Analyzing \$g_m\$ vs \$V_{in}\$ for a common source config

Question

I had this doubt while going through the book "Design of Analog CMOS Integrated Circuits" by B. Razavi, if we are to plot \$g_m\$ vs \$V_{in}\$ for the above circuit, then we have \$g_m\$ =0 till \$V_{in}\$ crosses the threshold voltage(\$V_t\$). Now, the MOSFET enters the Saturation region directly, and we have \$g_m=k(V_{in}-V_{t})\$ that gives \$g_m\$ to be directly proportional to \$V_{in}\$. My main problem arises is when the MOSFET leaves the saturation region and enters the triode region. We'll have \$g_m=k(V_{ds})\$ which has no term of \$V_{in}\$ in it. How do I go on analysing the circuit in the triode region? What will the final relation on graph look like?
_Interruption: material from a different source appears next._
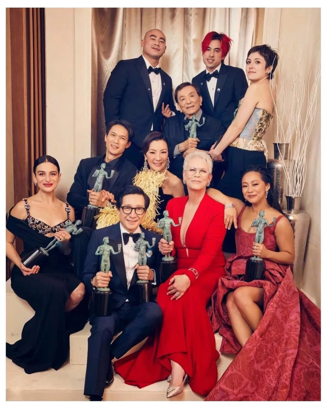 아카데미시상식의 전초전 중 하나라고 하기엔 그 영향력과 권위가 어마무지한 sag award(미국 배우 조합상) 2023에서 에브리씽 에브리웨어 올 앳 원스(이하 EEAAO)의 배우들이 수상을 휩쓸고 있습니다. 여우주연상 양자경, 여우조연상 제이미 리 커티스, 남우조연상 키 호이 콴(아시아계 최초수상) 그리고 마지막으로 앙상블 부문까지 남우주연상을 제외한 큰 상은 모두 독차지했다고 보아도 무관할 것 같습니다. 그리고 3월 12일 오스카의 결과에도 이는 꽤나 영향을 끼칠 거라 예측됩니다.

The book provides as the solution, I didn't quite get the solution provided in the book (on page 49). Any insights would help.

Answer 1

To find \$g_m\$ you need to take derivative of \$I_D = f(V_{IN}) \$

In saturation when \$V_{IN} > V_T\$, we have the following: $$g_m = K_P(V_{IN} - V_T)$$

Assuming that \$I_D = \frac{K_P}{2}(V_{IN} - V_T)^2\$

The MOS will enter the triode region when \$V_{DS} < V_{GS} - V_{T}\$:

The drain current in the triode region is equal to:
$$I_D = K_P\: \left( V_{GS} - V_T - \frac{V_{DS}}{2} \right)V_{DS} = K_P\: \left( V_{IN} - V_T - \frac{V_{DD} - I_D R_D}{2} \right)(V_{DD}-I_D R_D) $$

And the \$g_m = \frac{dI_D}{dV_{IN}}\$ in triode region is equal to:

$$g_m = \frac{1 - \sqrt{1 + K_P R_D ((2 + K_P R_D (V_{IN} - V_T) - 2 V_{DD} ) (V_{IN} - V_T))} + K_P R_D (V_{IN} - V_T)}{R_D \sqrt{1 + K_P R_D ((2 + K_P R_D (V_{IN} - V_T) - 2 V_{DD} ) (V_{IN} - V_T))}} $$

And if I plot in LTspice assuming:

\$V_{DD} = 10V , R_D = 1k\Omega, K_P = 0.001, V_T = 1V\$

I get this:

If we plot \$g_m\$ in the triode region for \$V_{IN}\geqslant \frac{\sqrt{1 + 2V_{DD} R_D K_P} \:\: - \: 1}{K_P R_D} + V_T = 4.58258V\$ (for this Vin MOS enters triode region). I get exactly the same plot as in the LTspice.